*EXERCISE DESCRIPTION:* Write all entries out exactly, images excluded.

[Excerpts from a dataset]
+===+
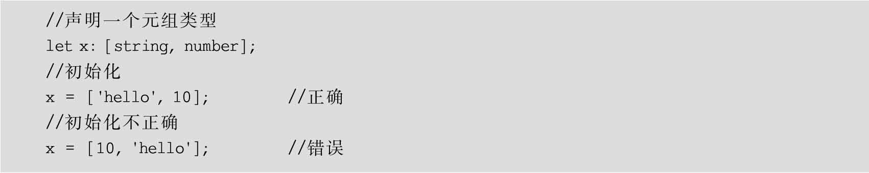 元组类型允许表示一个已知元素数量和类型的数组,各元素的类型不必相同。例如,可以定义一对值分别为string和number类型的元组,如代码示例4-8所示。
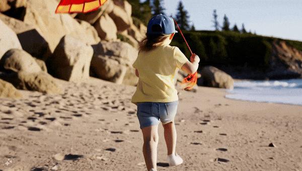 prompt:一个女孩正在海滩上奔跑,手里拿着一只风筝。她穿着牛仔短裤和黄色 T 恤,阳光洒在她身上。
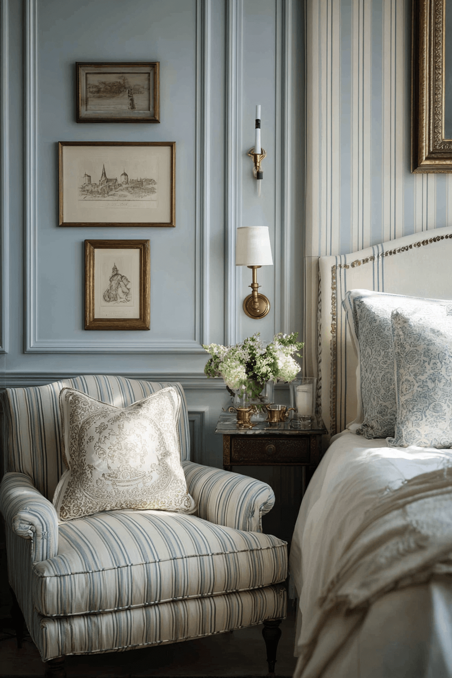 Classic striped upholstery adds subtle structure and elegance to an antique bedroom without overwhelming the design. Soft vertical patterns create a sense of height and balance. This look works well on chairs, headboards, and accent pieces. It pairs effortlessly with wood finishes and traditional décor. The clean lines balance more detailed elements. Refresh your antique bedroom with stripes that feel timeless and refined.
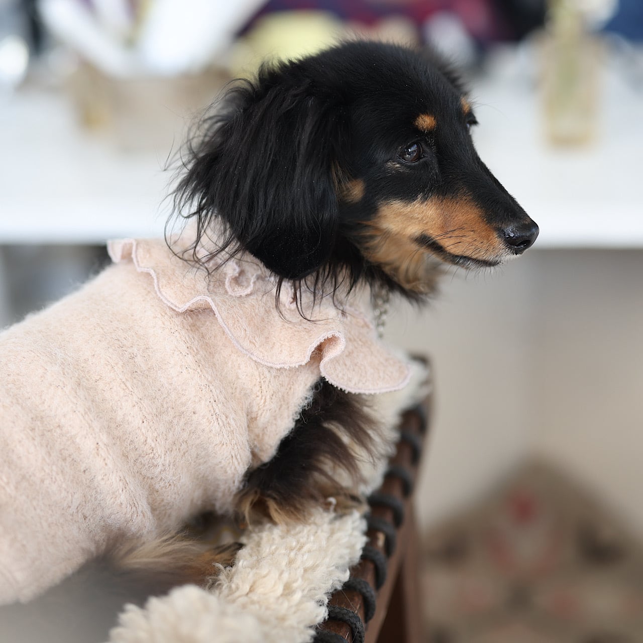 バックから肩にかけてのニットフリルが可愛い~♪
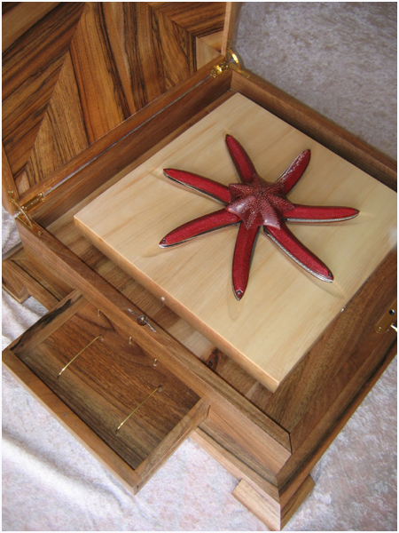 Afin de protéger cette création, Samuel REVET, ébéniste, a découpé et assemblé les éléments du coffret en noyer…
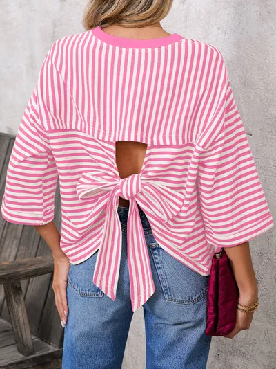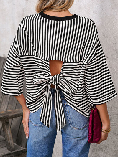 Striped Back Bow Tie T-Shirt
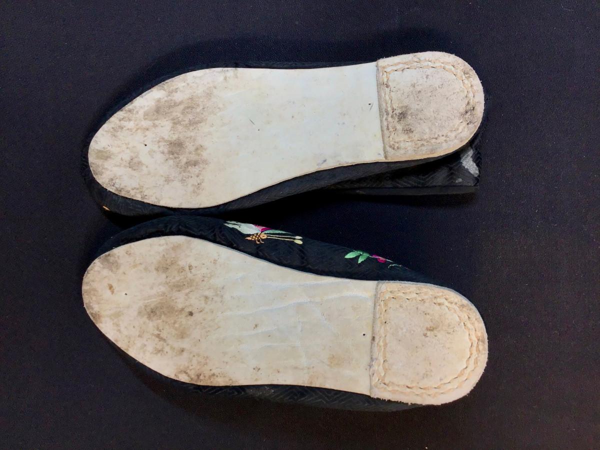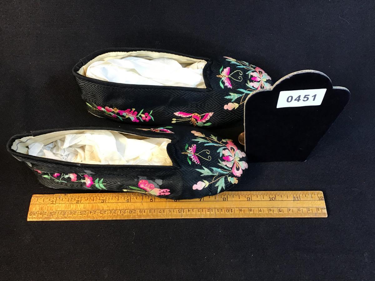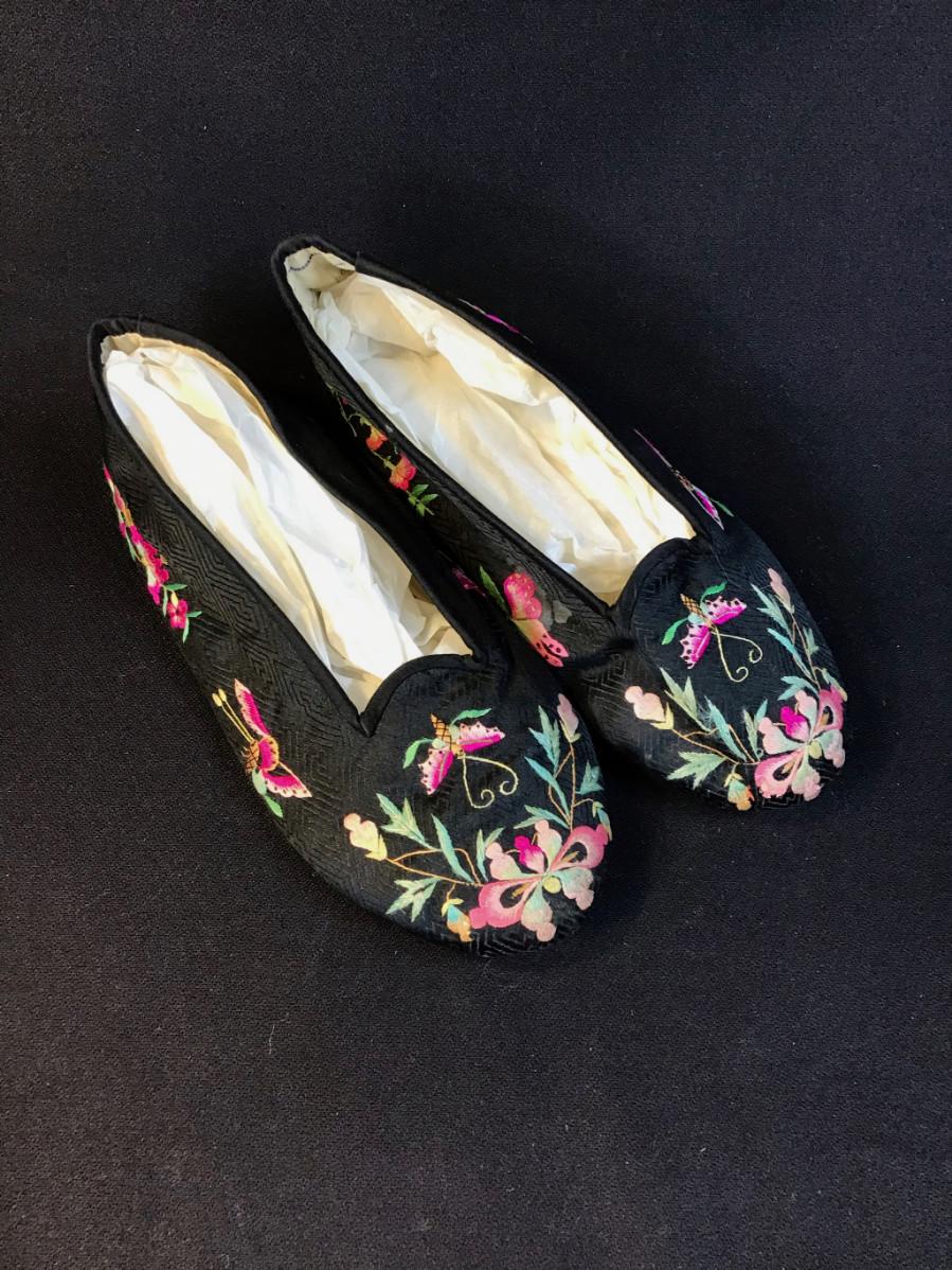 DESCRIPTION: This pair of black silk ladies slippers are worked over-all with embroidered butterflies and flowers and lined in white & blue ticking material. These slippers have been lightly worn.
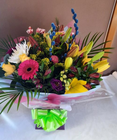 A colourful arrangement of seasonal flowers “bold n bright”, lovingly presented in a gift box with a bubble of water!
+===+
*RESPONSE FOR THIS EXERCISE:*
 元组类型允许表示一个已知元素数量和类型的数组,各元素的类型不必相同。例如,可以定义一对值分别为string和number类型的元组,如代码示例4-8所示。
 prompt:一个女孩正在海滩上奔跑,手里拿着一只风筝。她穿着牛仔短裤和黄色 T 恤,阳光洒在她身上。
 Classic striped upholstery adds subtle structure and elegance to an antique bedroom without overwhelming the design. Soft vertical patterns create a sense of height and balance. This look works well on chairs, headboards, and accent pieces. It pairs effortlessly with wood finishes and traditional décor. The clean lines balance more detailed elements. Refresh your antique bedroom with stripes that feel timeless and refined.
 バックから肩にかけてのニットフリルが可愛い~♪
 Afin de protéger cette création, Samuel REVET, ébéniste, a découpé et assemblé les éléments du coffret en noyer…
 Striped Back Bow Tie T-Shirt
 DESCRIPTION: This pair of black silk ladies slippers are worked over-all with embroidered butterflies and flowers and lined in white & blue ticking material. These slippers have been lightly worn.
 A colourful arrangement of seasonal flowers “bold n bright”, lovingly presented in a gift box with a bubble of water!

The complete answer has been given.